Indices are used to store the documents in dedicated data structures corresponding to the data type of fields. For example, text fields are stored inside an inverted index whereas numeric and geo fields are stored inside BKD trees.
Examples
Create index
The following example is based on Elasticsearch version 5.x onwards. An index with two shards, each having one replica will be created with the name test_index1
PUT /test_index1?pretty { "settings" : { "number_of_shards" : 2, "number_of_replicas" : 1 }, "mappings" : { "properties" : { "tags" : { "type" : "keyword" }, "updated_at" : { "type" : "date" } } } }
List indices
All the index names and their basic information can be retrieved using the following command:
GET _cat/indices?v
Index a document
Let’s add a document in the index with the command below:
PUT test_index1/_doc/1 { "tags": [ "opster", "elasticsearch" ], "date": "01-01-2020" }
Query an index
GET test_index1/_search { "query": { "match_all": {} } }
Query multiple indices
It is possible to search multiple indices with a single request. If it is a raw HTTP request, index names should be sent in comma-separated format, as shown in the example below, and in the case of a query via a programming language client such as python or Java, index names are to be sent in a list format.
GET test_index1,test_index2/_search
Delete indices
DELETE test_index1
Common problems
- It is good practice to define the settings and mapping of an Index wherever possible because if this is not done, Elasticsearch tries to automatically guess the data type of fields at the time of indexing. This automatic process may have disadvantages, such as mapping conflicts, duplicate data and incorrect data types being set in the index. If the fields are not known in advance, it’s better to use dynamic index templates.

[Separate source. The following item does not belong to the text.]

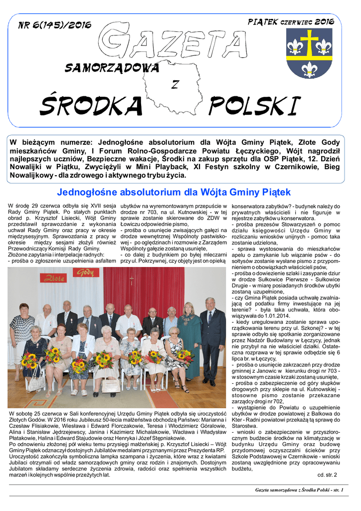 W bie cym numerze: Jednog ne absolutorium dla Wójta Gminy Pi tek, Z ote Gody mieszka ców Gminy, I Forum Rolno-Gospodarcze Powiatu czyckiego, Wójt nagrodzi najlepszych uczniów, Bezpieczne wakacje, rodki na zakup sprz tu dla OSP Pi tek, 12. Dzie Nowalijki w Pi tku, Zwyci yli w Mini Playback, XI Festyn szkolny w Czernikowie, Bieg Nowalijkowy - dla zdrowego i aktywnego trybu ycia. Jednog ne absolutorium dla Wójta Gminy Pi tek rod 29 czerwca odby a si XVII sesja Rady Gminy Pi tek. Po sta ych punktach obrad p. Krzysztof Lisiecki, Wójt Gminy przedstawi sprawozdanie z wykonania uchwa Rady Gminy oraz pracy w okresie mi dzysesyjnym. Sprawozdania z pracy w okresie mi dzy sesjami z yli równie Przewodnicz cy Komisji Rady Gminy. one zapytania i interpelacje radnych: - pro ba o zg oszenie uzupe nienia asfaltem ubytków na wyremontowanym przepu cie w drodze nr 703, na ul. Kutnowskiej - w tej sprawie zostanie skierowane do ZDW w owiczu odpowiednie pismo, - pro ba o usuni cie zwisaj cych ga zi na drodze wewn trznej Wspólnoty pastwiskowej - po ogl dzinach i rozmowie z Zarz dem Wspólnoty ga zie zostan usuni te, - co dalej z budynkiem po by ej mleczarni przy ul. Pokrzywnej, czy obj ty jest on opiek W sobot 25 czerwca w Sali konferencyjnej Urz du Gminy Pi tek odby a si uroczysto otych Godów. W 2016 roku Jubileusz 50-lecia ma stwa obchodz Pa stwo: Marianna i Czes aw Flisiakowie, Wies awa i Edward Florczakowie, Teresa i W odzimierz Góralowie, Alina i Stanis aw J drzejewscy, Janina i Kazimierz Michalakowie, Wac awa i W adys aw atakowie, Halina i Edward Stajudowie oraz Henryka i Józef St pniakowie. Po odnowieniu z onej pó wieku temu przysi gi ma skiej p. Krzysztof Lisiecki – Wójt Gminy Pi tek odznaczy dostojnych Jubilatów medalami przyznanymi przez Prezydenta RP. Uroczysto zako czy a symboliczna lampka szampana i yczenia, które wraz z kwiatami Jubilaci otrzymali od w adz samorz dowych gminy oraz rodzin i znajomych. Dostojnym Jubilatom sk adamy serdeczne yczenia zdrowia, rado ci oraz spe nienia wszystkich marze i kolejnych wspólnie prze ytych lat. konserwatora zabytków? - budynek nale y do prywatnych w cicieli i nie figuruje w rejestrze zabytków u konserwatora. - pro ba prezesów Stowarzysze o pomoc dzia u ksi gowo ci Urz du Gminy w rozliczaniu wniosków unijnych - pomoc taka zostanie udzielona, - sprawa wystosowania do mieszka ców apelu o zamykanie lub wi zanie psów - do so tysów zostanie wys ane pismo z przypomnieniem o obowi zkach w cicieli psów, - pro ba o dowiezienie szlaki i zasypanie dziur w drodze Su kowice Pierwsze - Su kowice Drugie - w miar posiadanych rodków ubytki zostan uzupe nione, - czy Gmina Pi tek posiada uchwa zwalniaod podatku firmy inwestuj ce na jej terenie? - by a taka uchwa a, która obowi zywa a do 1.01.2014. - kiedy uregulowana zostanie sprawa uporz dkowania terenu przy ul. Szkonej? - w tej sprawie odby o si spotkanie zorganizowane przez Nadzór Budowlany w czycy, jednak nie przyby na nie w ciciel dzia ki. Ostateczna rozprawa w tej sprawie odb dzie si 6 lipca br. w czycy, - pro ba o usuni cie zakrzacze przy drodze gminnej z Janowic w kierunku drogi nr 703 w stosownym czasie krzaki zostan usuni te, - pro ba o zabezpieczenie od góry s upków drogowych przy sklepie na ul. Kutnowskiej stosowne pismo zostanie przekazane zarz dcy drogi nr 702, - wyst pienie do Powiatu o uzupe nienie ubytków w drodze powiatowej z Balkowa do Kter - Radni powiatowi przeka spraw do Starostwa. - wnioski o zabezpieczenie w przysz orocznym bud ecie rodków na klimatyzacj w budynku Urz du Gminy oraz budow przydomowej oczyszczalni cieków przy Szkole Podstawowej w Czernikowie - wnioski zostan uwzgl dnione przy opracowywaniu bud etu, cd. str. 2 Gazeta samorz dowa z rodka P olski - str. 1 I Forum RolnoGospodarcze Powiatu czyckiego W niedziel 5 czerwca w Pi tku odby o si I Forum Rolno-Gospodarcze Powiatu czyckiego. Miejsce Forum nie by o przypadkowe. Gmina Pi tek s ynie w kraju z produkcji najwy szej jako ci nowalijek. To w nie z okolic Geometrycznego rodka Polski trafiaj na nasze sto y pierwsze, najsmaczniejsze nowalijki. Producenci dominuj cych w gminie upraw nowalijek maj w Pi tku swoje wi to Dzie Nowalijki. Przy okazji tego wi ta Pi tek sta si równie miejscem I Forum Rolno-Gospodarczego skierowanego w ównej mierze do producentów warzyw. Na wydarzenie to zaproszeni zostali przede wszystkim rolnicy – producenci warzyw z terenu powiatu czyckiego. Wydarzenie otworzyli – pan Wojciech Zdziarski – Starosta Powiatu czyckiego oraz pan Krzysztof Lisiecki – Wójt Gminy Pi tek. Szereg prezentacji i prelekcji rozpocz o wyst pienie pana Piotra Jab skiego ze Starostwa Powiatowego czycy po wi cone pr oce som stworzenia oferty towarowej powiatu czyckiego. O mo liwo ciach uzyskania wsp ar cia i zakr esach d zia Regionalnego Biura Urz du Marsza kowskiego Województwa ódzkiego w Brukseli – mówi pan Marcin Podgórski, Dyrektor Regionalnego Biura Województwa ódzkiego w Brukseli. Du ym zainteresowaniem s uchaczy cieszy o si tak e wyst pienie przedstawiciela Departamentu ds. Przedsi biorczo ci Urz du Marsza kowskiego Województwa ódzkiego na temat innowacyjnego rolnictwa i przetwórstwa rolnospo ywczego, jako jednej z Regionalnych Inteligentnych Specjalizacji Województwa ódzkiego. Uczestnicy I Forum Rolno-Gospodarczego Powiatu czyckiego wys uchali m.in. prezentacji na temat: metod biologicznych w produkcji warzyw wysokiej jako ci prelegent: pani Ewa Szewczyk, G ówny Specjalista ds. Ogrodnictwa i Ro lin Okopowych w ódzkim O rodku Doradztwa Rolniczego z s. w Bratoszewicach, oferty ódzkiego Rynku Hurtowego "Zjazdowa" S.A. i wspó pracy z Klastrem ywno ci Wysokiej Jako ci przedstawionej przez pana Karola Karolaka, Wiceprezesa Zarz du ódzkiego Rynku Hurtowego „Zjazdowa” S.A., stosowania nasion uszlachetnionych jak sposobu na lepszy plon wraz z prezentacj oferty firmy PNOS z O arowa Mazowieckiego oraz innych. Gazeta samorz dowa z rodka Polski - str. 2 Bezpieczne wakacje Mimo braku oficjalnych

- Elasticsearch supports wildcard patterns in Index names, which sometimes aids with querying multiple indices, but can also be very destructive too. For example, It is possible to delete all the indices in a single command using the following commands:
DELETE /*
To disable this, you can add the following lines in the elasticsearch.yml:
action.destructive_requires_name: true
Overview
In Elasticsearch, recovery refers to the process of recovering a shard when something goes wrong. Shard recoveries can take place in various circumstances, such as when a node fails and a replica shard needs to be recreated from a primary shard, when the cluster needs to relocate shards to different nodes due to a rebalancing or a change in shard allocation settings, or when restoring an index from an Elasticsearch snapshot. Alternatively, Elasticsearch can sometimes perform recoveries automatically, such as when a node restarts or disconnects and connects again. In summary, recovery can happen in the following scenarios:
- Node startup or failure (local store recovery)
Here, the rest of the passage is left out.